Karcıoğlu, şöyle devam etti:

“Enkazın içinde duvarlar soğuğa karşı koruyucu hale gelmişse bu hipotermiden de koruyabilir. Unutulmamalı ki aç kalınca hemen ölmezsiniz fakat su bu durumu kritik hale getirir. Bir diğer asıl problem enkazda kolun, bacağın beton bloğun altında kalması ile birlikte ortaya çıkan Crush (ezilme) sendromu. Bu durum, uzun süreli sıkışma ve hareketsizlik sonucu ortaya çıkar, şok ve böbrek yetmezliğine, hatta ölümlere yol açar. Enkazda bacak, kol uzun süre blok altında kaldığında çıkarken o bölgeye yoğun bir şekilde su ve kan hücum eder.

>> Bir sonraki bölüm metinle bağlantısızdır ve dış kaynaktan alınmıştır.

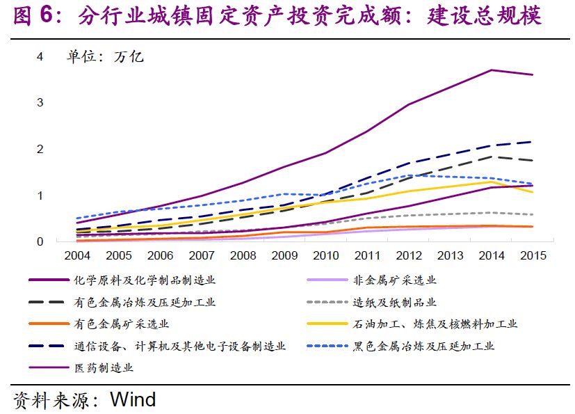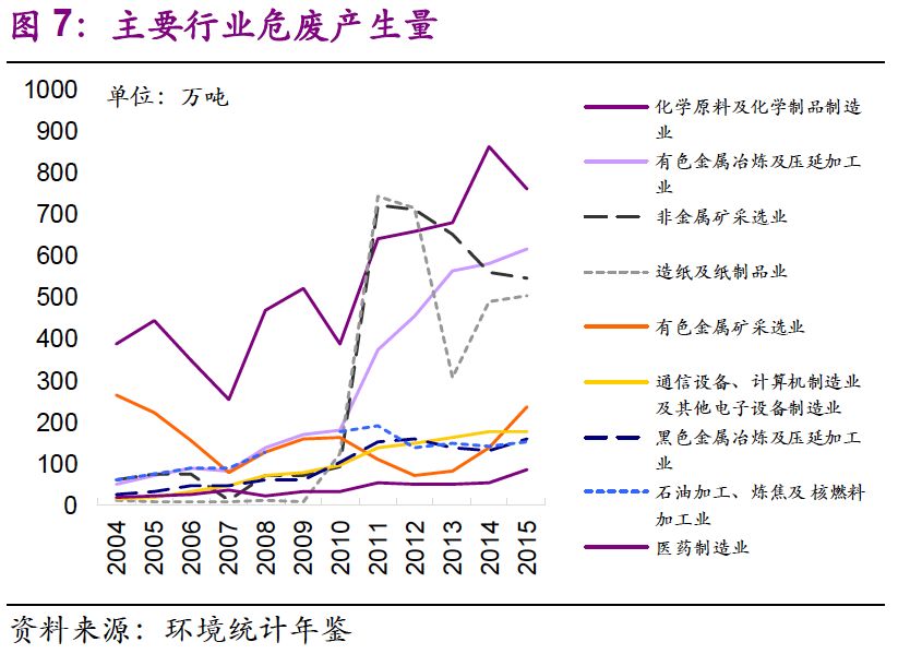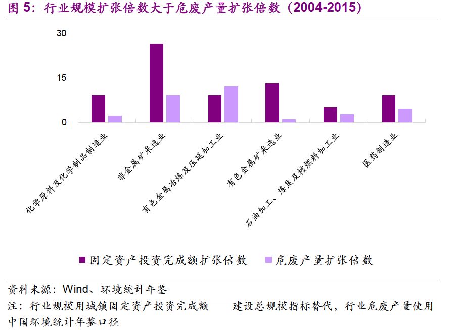 我們也關(guān)注到主要行業(yè)規(guī)模擴(kuò)張倍數(shù)大于危廢產(chǎn)量擴(kuò)張倍數(shù)。從2004年到2015年,化學(xué)原料及化學(xué)制品制造業(yè)、非金屬礦采選業(yè)、有色金屬冶煉及壓延加工業(yè)、有色金屬礦采選業(yè)、石油加工、煉焦及核燃料加工業(yè)、醫(yī)藥制造業(yè)的城鎮(zhèn)固定資產(chǎn)投資完成額——建設(shè)總規(guī)模分別是2004年的9 、26 、9 、13 、5 、9 倍,我國工業(yè)體系得到長足發(fā)展。同期,各行業(yè)危廢產(chǎn)量分別是原來的2 、9 、12、1、3 、4 倍,總體小于建設(shè)總規(guī)模擴(kuò)張倍數(shù)。

O nedenle enkazdaki birine müdahale ederken en önemli şey yapılabiliyorsa hemen, yapılamıyorsa çıkarır çıkarmaz damar yolu açıp serum yani sıvı vermektir. Eğer müdahale edilmezse kangrene, hatta ölüme neden olabilir."

ÇÖP VE TUVALET SORUNU

Susuzluğun özellikle böbrek sorunlarına yol açtığını vurgulayan Karcıoğlu, "Susuzluk artıkça böbrek ciddi anlamda hasar görüyor. Crush sendromuna giden kişilerin böbreklerindeki zehirli madde vücutlarına salınıyor, böbrekte ciddi hasara yol açıyor ve böbreği kaybetmeye kadar gidiliyor. Türkiye’de 1999 depreminden sonra, dünyada enkazdan çıkarılanlarda böbrek yetmezliği ve diyaliz ihtiyacı olan ülkelerin başında geldi" dedi. Yıkım sırasında fazla toza maruz kalmanın da akciğer sorunlarına yol açabileceğini anlatan Karcıoğlu, enkaz dışında yaşayan insanların da salgın hastalık riski ile karşı karşıya olduğunu vurguladı. Karcıoğlu, şöyle devam etti:

"Enfeksiyon hastalıkları gündeme gelecek. Günler uzadıkça bakteriyel enfeksiyonlar, zatürre gibi hastalıklar ortaya çıkacak. Özellikle çadırlarda olan insanlarda zatürre, menenjit, ishal ve kusma gibi durumları bekliyoruz. Ufak ufak salgınlar başlıyor. Mesela kemirgenlerin, farelerin yayılması, çöplerin yeterli toplanamaması ve tuvalet hijyeninin sağlanamaması nedeniyle ciddi salgın hastalık tehlikesi var. Bugün artık çadırkentler kurulsa bile salgın hastalıkları duyacağız çünkü çadır kentler hiçbir zaman sizin evdeki hijyeni sağlamayacaktır, tuvalet ile salgınlar artacaktır. Grip, covid, kızamık aşısı da oldukça önemli. O bölgede düzensiz göç nedeniyle kızamık vakalarında artış söz konusuydu, şimdi daha da artacak. Yetkililer, başta çocuklar olmak üzere oradaki herkesi taramadan geçirmeli. Bölgede bir arada yaşamaya bağlı bu virüsler, tüberküloz, zatürre ve menenjit gibi hastalıklar artacak. Bölgedeki pek çok sağlık kurumu hasarlı. Sahra hastaneleri ve ASM’lerin eski fonksiyonlarına bin an önce kavuşturulması gerek. Bölgede çöplerin düzenli toplanması, temiz su kaynakları, tuvalet, hijyen ortamı ve temel koruyucu sağlık hizmetleri sağlanmalı. Ayrıca tetanoz riski de var. Bu nedenle aşılama oldukça önemli."